Both of these union arguments were disingenuous. First, the initiative required only "employers" and "labor organizations," as those terms are already defined in California law, to get the annual written permission. No health insurance provider, except in its role as employer, would be affected. Second, the political "contributions" and "expenditures" for which employers would have been responsible are defined in California's 1974 Political Reform Act specifically to exclude payroll deductions for "consideration" - i.e., in exchange for something of value such as health insurance coverage. Nevertheless, because this big lie went unanswered in the mass media until the very end of the campaign, many voters believed it was true.

The unions also used this argument with respect to charities; and here, because charitable contributions are not for "consideration," they may have had a point.
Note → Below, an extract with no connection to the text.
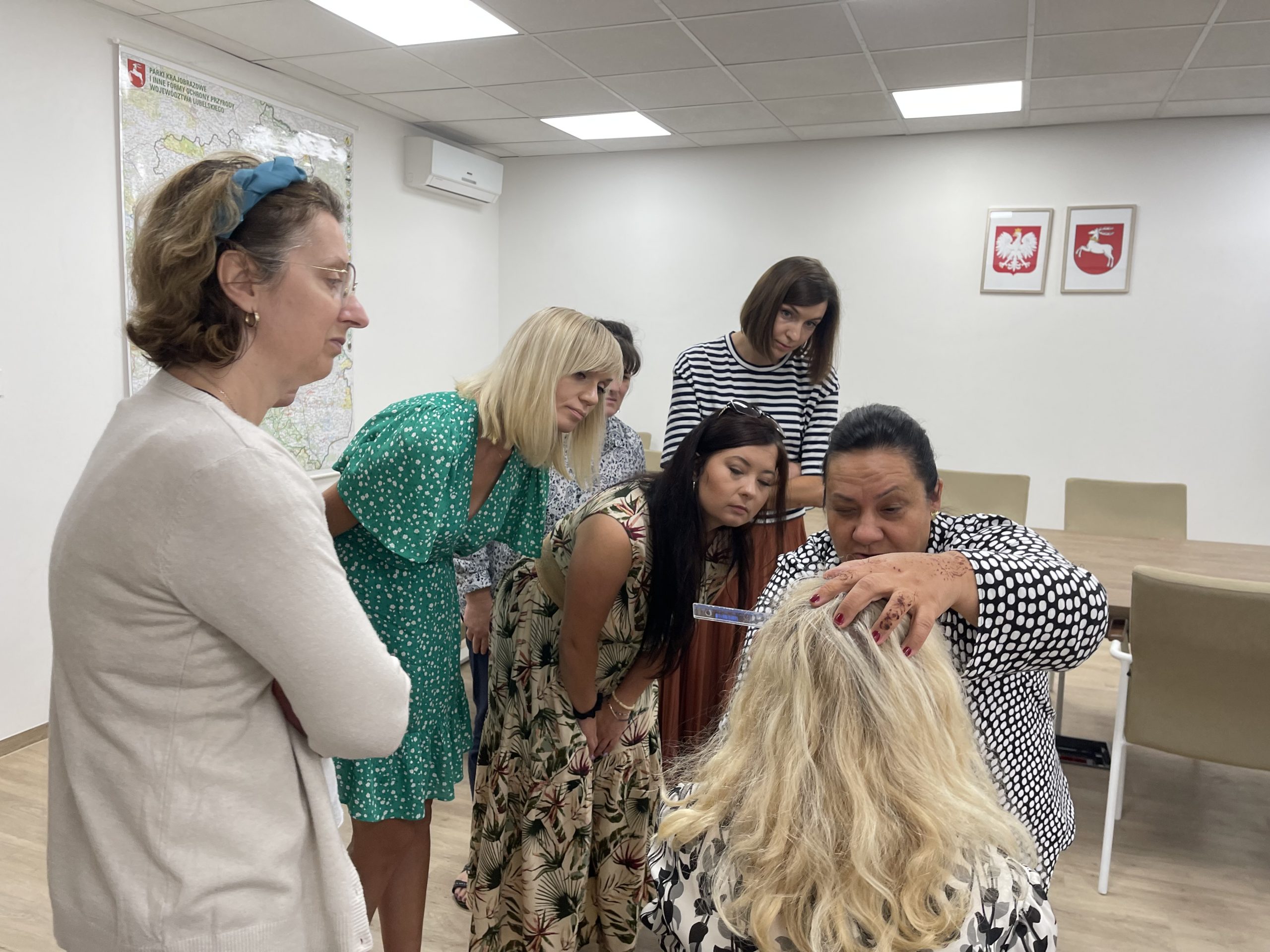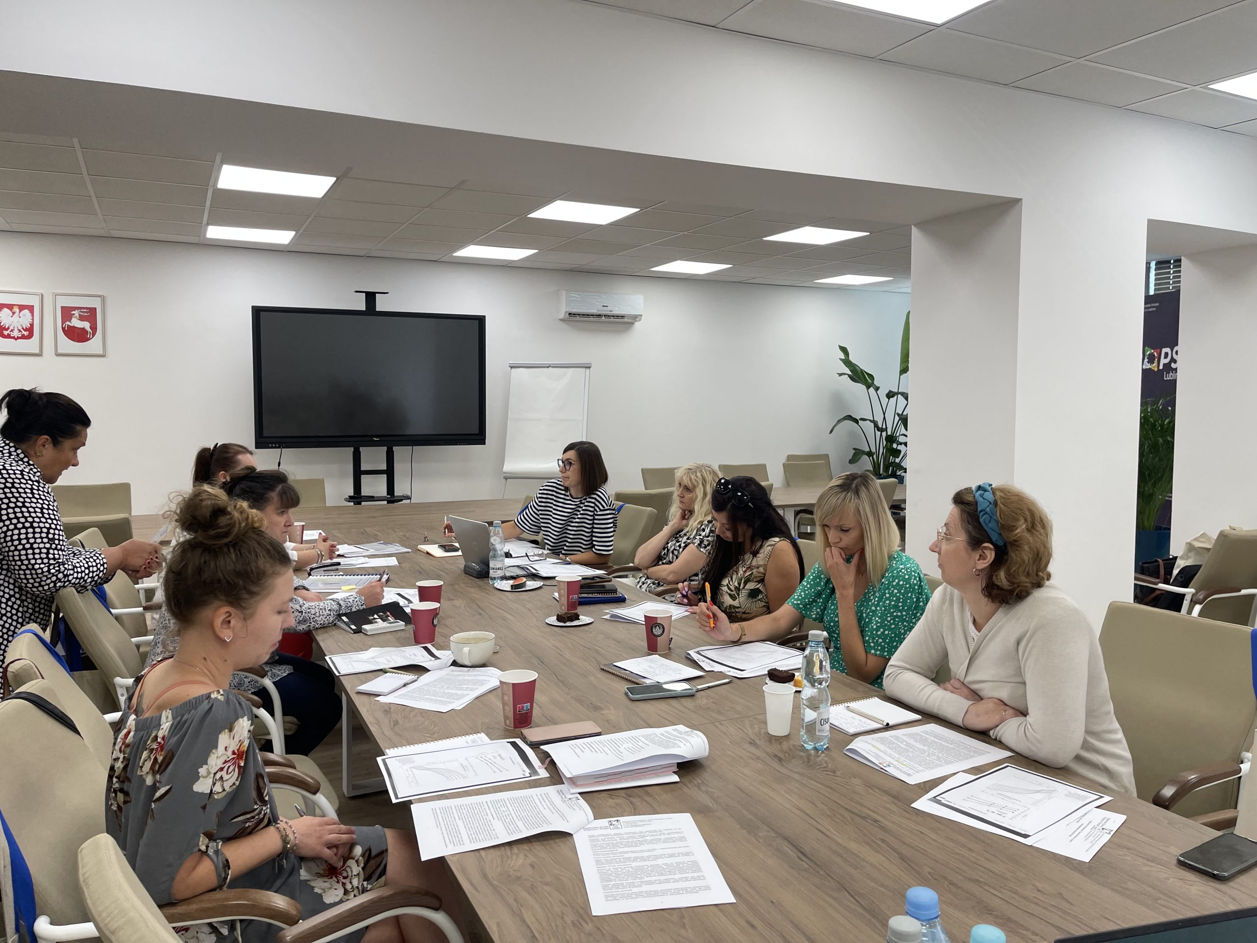 W dniu 13 września br. odbyła się superwizja i szkolenie pracowników i specjalistów prowadzących diagnozy w RPDiT FAS/FASD w Lublinie z Panią dr n. społ. Teresą Jadczak-Szumiło. Podczas pierwszej części spotkania miało miejsce omówienie dotychczas opracowanych diagnoz i wytyczenie kierunku ich przygotowywania. Pani Doktor Teresa Jadczak-Szumiło przekazała cenne sugestie w oparciu o własne doświadczenie. Podczas ćwiczeń praktycznych uczyłyśmy się mierzenia szerokości szpary powiekowej jako jednej z cech diagnozowanego FAS. Pracownice zespołu na własnym przykładzie mogły zobaczyć, że nie jest to wbrew pozorom wcale łatwe zadanie. Dla ciekawości możemy powiedzieć, że aby uzyskać rzeczywisty wymiar szpary powiekowej, potrzebne są dwa pomiary. Dla ułatwienia można zmrużyć oko i patrzeć po przekątnej. W drugiej części spotkania miało miejsce szkolenie Omawiane były wybrane elementy diagnozy, w tym drugorzędowe dysmorfie powstałe w wyniku wpływu alkoholu na płód dziecka. Pani Doktor przeanalizowała na przykładach poszczególne narządy i części ciała. Jej wypowiedzi ubogacały prezentowane slajdy ze zdjęciami.

That is, it is easy to imagine some judge deciding that an employer who deducts voluntary charitable contributions from employee paychecks would be liable for the political expenditures and contributions made by charitable organizations such as United Way, the American Lung Association, and the American Cancer Society. If so, many employers would stop gathering charitable contributions through payroll deductions, and there would be less charitable giving. This argument convinced each of the three charities mentioned to take the unions' side against 226.
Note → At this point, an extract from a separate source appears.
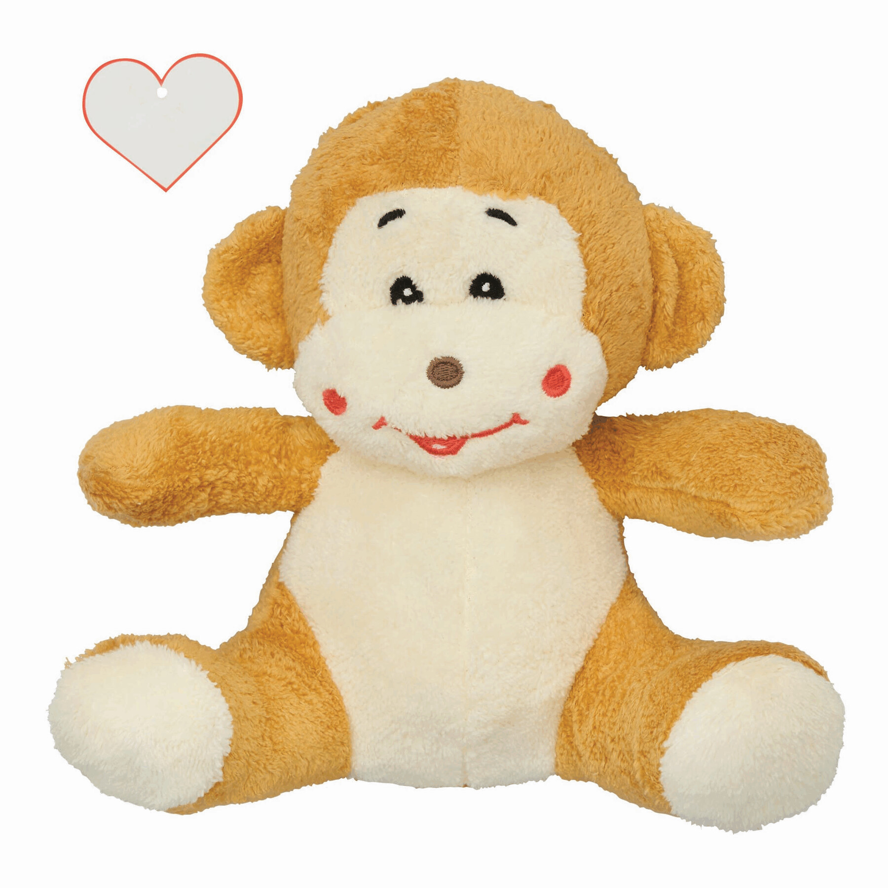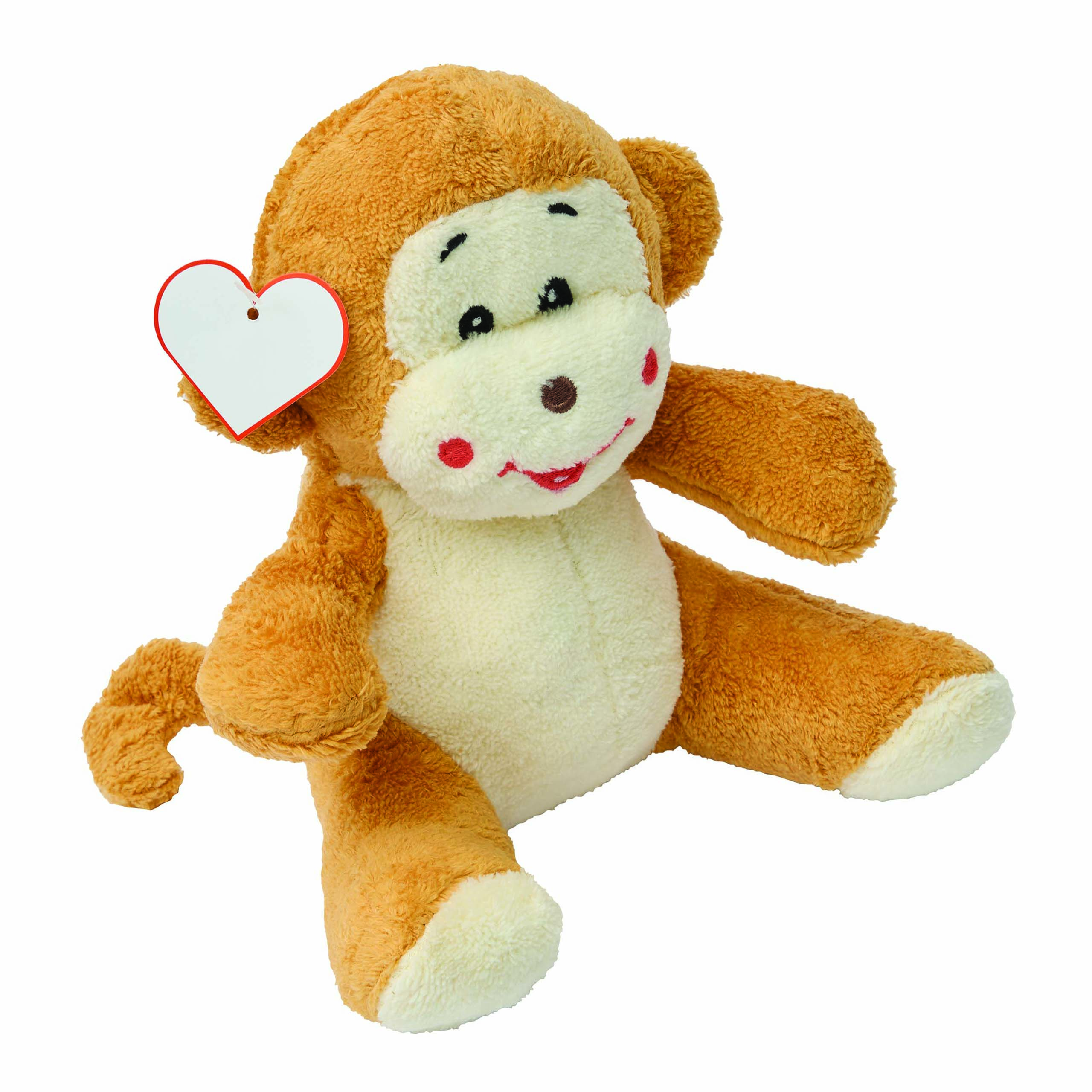 Pluszowa małpka ELIAS z miękkim futerkiem i serduszkiem do nadruku. Wyprodukowana w Europie.

The unions may have had a point here, but the charities may come to regret that the argument was made. Most people give to charities to support charitable activities, not political causes. In fact, their tax exemptions depend on them refraining from political activity. To the extent that the charities sided with the unions against 226, they seemed to imply that they are involved in politics. Perhaps their tax exemptions should be reconsidered and their donors should reconsider their giving.

In any case, the exit polls implied that if the proposition had been written to apply only to labor organizations it would have passed. The unions were not able effectively to use any part of the section that applied directly to them against 226. They claimed that it was an effort to silence working people in the political process, but everyone, including most union members, saw through that claim. The initiative allowed any and all workers to give permission to unions to use their dues and fees for politics. No limits on voluntary political spending through unions were imposed. In fact, by giving workers a choice, the initiative would have amplified the political voice of working people.

Finally, there is at least one happy outcome of the campaign. Most California workers are now fully aware of their rights under the Supreme Court's decisions in the Hudson (public sector) and Beck (private sector) cases. Until our campaign, unions had tried to keep those decisions as secret as possible. At their behest President Clinton rescinded an executive order that would have required federal contractors to post their employees' Beck rights at their job sites. During the campaign the unions argued that the Hudson and Beck decisions made 226 unnecessary. Of course, that is not the case because those decisions are not adequately enforced, and they impose a heavy burden on employees to prove that unions spend more money on politics than they admit. But California unions have now informed all their members that these decisions exist and that they all may seek refunds of dues and fees used for politics. I predict a substantial increase in the number of California workers who try to do so in spite of the threats, intimidation and hurdles the unions will put in their way.

Oh, one more thing. We will be back on the 2000 primary ballot.